‘Be the light in the darkness’ is the theme for this year’s Holocaust Memorial Day which, due to the current national lockdown, will be shown online on Sunday, January 24 from 2.00pm at www.leedstownhall.co.uk
Members of the public are invited to join the event online from the safety of their homes to remember all the victims of genocide. This international day of remembrance focuses on the six million Jewish men, women and children murdered in the Holocaust, and millions more people killed under German Nazi persecution, and in subsequent genocides in Cambodia, Rwanda, Bosnia and Darfur.
The Lord Mayor of Leeds will open the event followed by a keynote speech by Dr Alessandro Bucci, Co-director of the Holocaust Learning and Exhibition Centre, University of Huddersfield, and Ben Barkow, Chair of the Holocaust Survivors’ Friendship Association.
Young people from the Carriageworks Young Theatre Makers, Breeze Arts Foundation at Leeds Playhouse, Opera North Youth Chorus and Pyramid Arts have worked together to increase their knowledge of Holocaust Memorial Day and have recorded a performance reading of WH Auden’s poem ‘Refugee Blues’ which will be included in the online event.
The Lord Mayor of Leeds, Councillor Eileen Taylor said:
“Whilst we are unable to come together in person this year to commemorate Holocaust Memorial Day, I am honoured to be a part of this online event which gives the people of Leeds the chance to come together in remembrance of those who were murdered in the Holocaust and subsequent genocides.”
Councillor Judith Blake, leader of Leeds City Council said:
“This year’s theme of ‘Be the light in the darkness’ is an affirmation and a call to action for everyone marking Holocaust Memorial Day. The theme asks us to consider different kinds of ‘darkness’: identity-based persecution, misinformation, denial of justice.

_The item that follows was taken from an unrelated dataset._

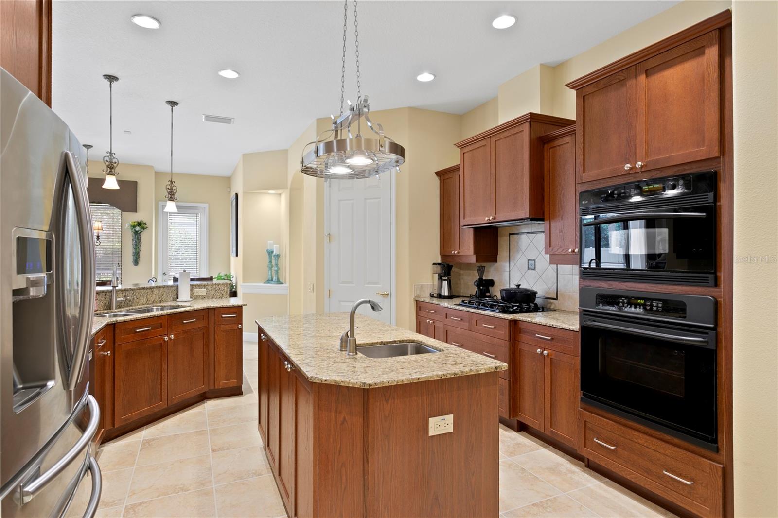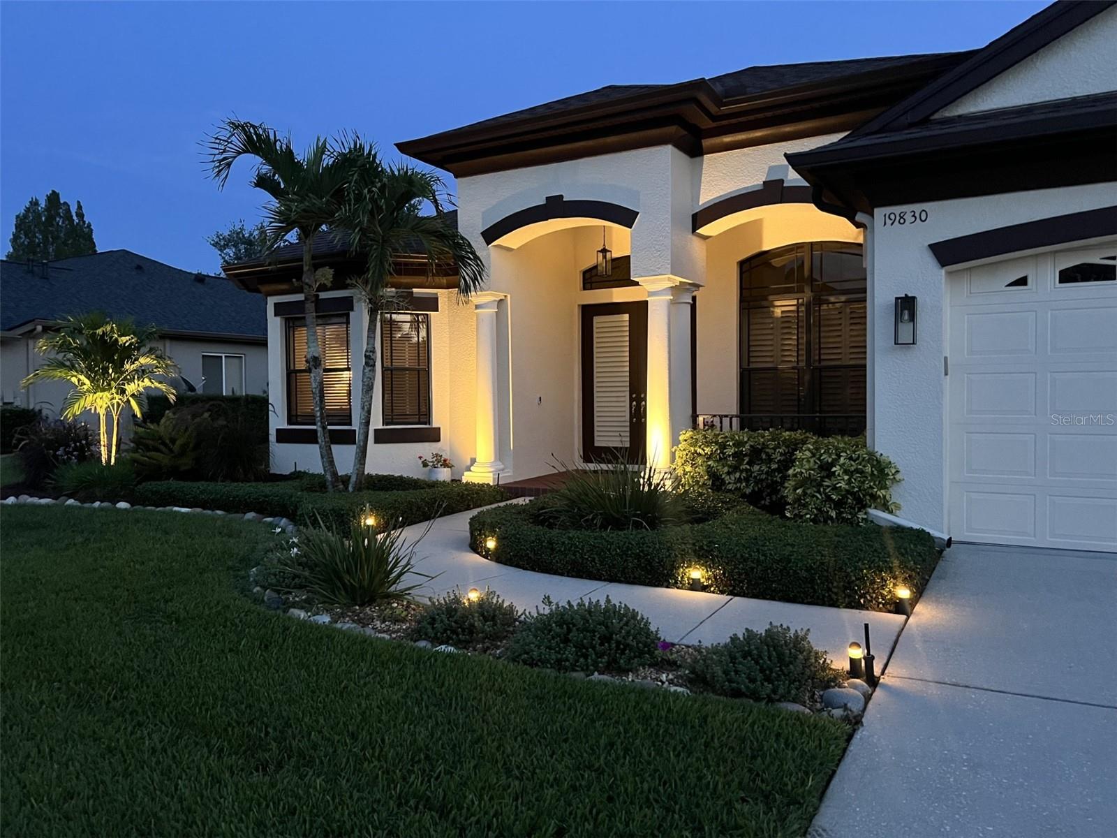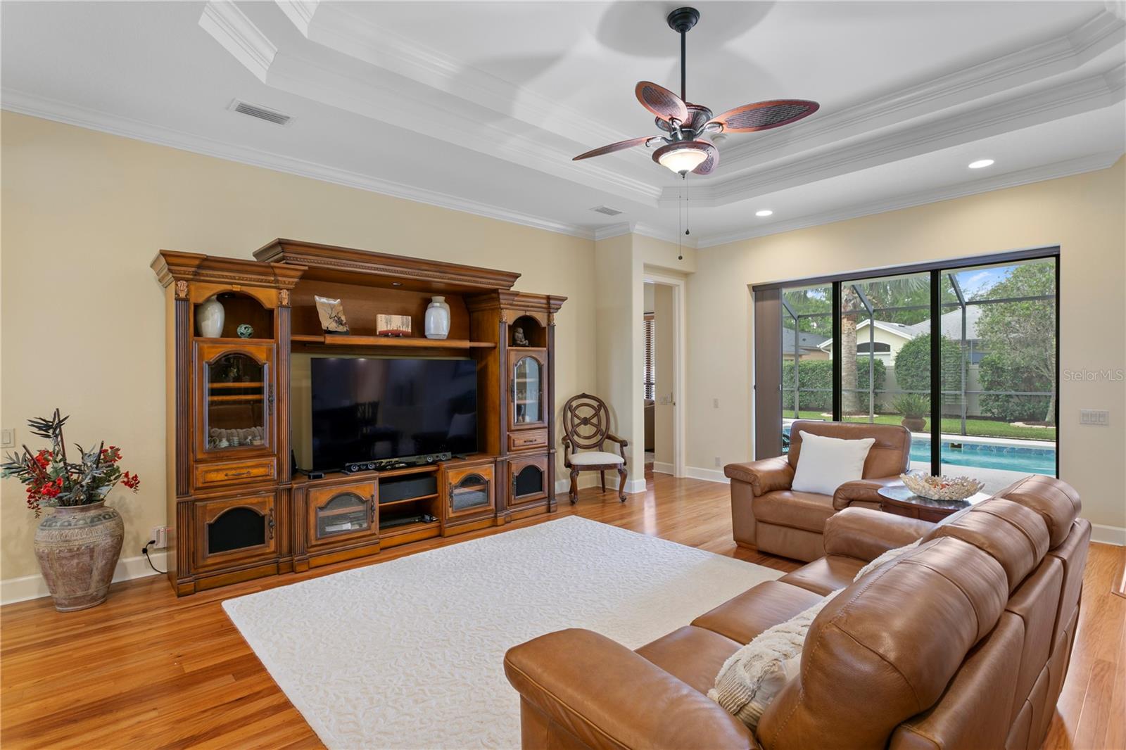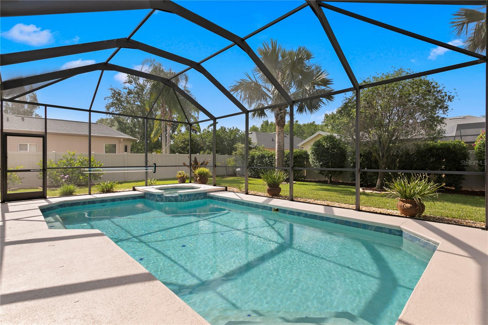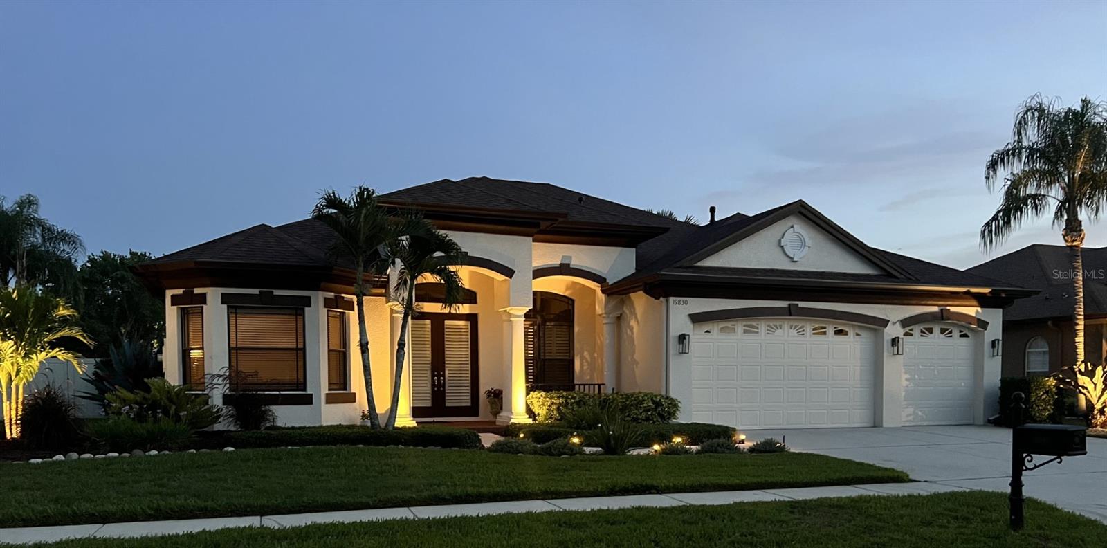 Welcome to your dream home in the gated Strathmore Village. This gorgeous Arthur Rutenberg Coquina pool/spa home boasts undeniable curb appeal and is nestled in the Oakstead Development. This home features 3 spacious bedrooms, 3 baths, and den/office with custom built-ins (which can be easily converted into a 4th bedroom) and 3 car garage. Step inside and discover architectural design details that include 12’ tray ceilings in the formal dining area and great room separated by a pass-through granite top with wood cabinets and tapered columns. Engineered hardwood floors, tiled wet areas and SOARING 10’ ceilings throughout along with 8’ doors. Custom plantation shutters, shades, cornice window treatments and blinds add a touch of class. The triple sliders are completely retractable and offer access to the large oversized lanai with pool/spa that includes surround sound and outdoor shower. All fixed glass have bronze tinted windows. The CHEF’S KITCHEN boasts 42” wood cabinetry with crown, breakfast bar, morning room, tile backsplash, granite countertops, Double Sink, desirable GAS COOKTOP, built-in oven and convection /microwave, large central work island with separate PREP SINK, desk area with additional storage, roll-out pan drawers and walk-in pantry. The spacious owner’s suite offers private access to the pool area, 2 spacious walk-in closets, a large jetted jacuzzi soaking tub, walk-in shower with dual shower heads, linen closet and 2 separate vanity areas. 2nd bedroom has a walk-in closet with custom built-ins, double slider with access to cabana, an ensuite with walk-in shower, vanity and access to the pool. The 3rd bedroom has a bathroom with shower and tub conveniently located just outside the door and features a linen closet. The 3-car garage features 10.5’ ceilings with a side door, work benches and additional storage added (all convey), water softener, pull down stairs for easy access to the attic and bike pulleys. This home is complete with a NEW ROOF (2024), a NEW HVAC (2024), interior LED lighting and MOEN FIXTURES, CROWN MOLDING, newer rescreened pool cage, gutters, EXTERIOR PAINTED (2021) and large interior laundry room with utility sink, cabinets, storage closet and LG washer and dryer both recently replaced. NEST THERMOSTATS, Nest front door camera, Google kitchen hub monitor and Nest backyard camera all convey. Professional lush landscaping includes irrigation system, palm trees along with other landscaping details. Oakstead is a natural gas, deed-restricted community with resort-style amenities which include a clubhouse, lap/kiddie pool, fitness center, tennis and pickle ball courts, covered playground, and scenic 3-mile walking trail. AMAZING LOCATION with easy access to I-75, I-275, Suncoast Pkwy, Tampa International and St. Pete/Clearwater Airports, Restaurants, Shopping, Hospitals, Sports Venues and more! Please call today to schedule your private showing!

It then asks that we consider different ways of ‘being the light’, such as acts of solidarity, resistance, rescue and illuminating mistruths.”
The event will be British Sign Language (BSL) interpreted. This event will be available to watch from 2pm on Sunday, January 24 to 11.59pm on Wednesday, January 27. The recording of WH Auden’s Poem ‘Refugee Blues’ by young people from the arts organisations detailed below has been compiled by Studio 12.
The Carriageworks Young Theatre Makers are aged between 10 and 18 and work collaboratively to make original, bold theatre with writer/director Ruth Cooper. During 2020 CYTM continued working remotely, taking part in the international Coronavirus Time Capsule project and producing their first ever film, The Never Was.
Breeze Arts Foundation is a partnership alternative education course ran by Leeds Playhouse and Leeds City College for young people 16-19 years old, or up to 25 if they have an EHCP (Educational Health Care Plan) who may not be in education, employment or training and who find the experience of being in a professional, practical environment more positive for learning. The group forms their own creative company working on lots of originally devised performances, film and music whilst working towards an Arts Award qualification and learning more about arts industry careers and opportunities.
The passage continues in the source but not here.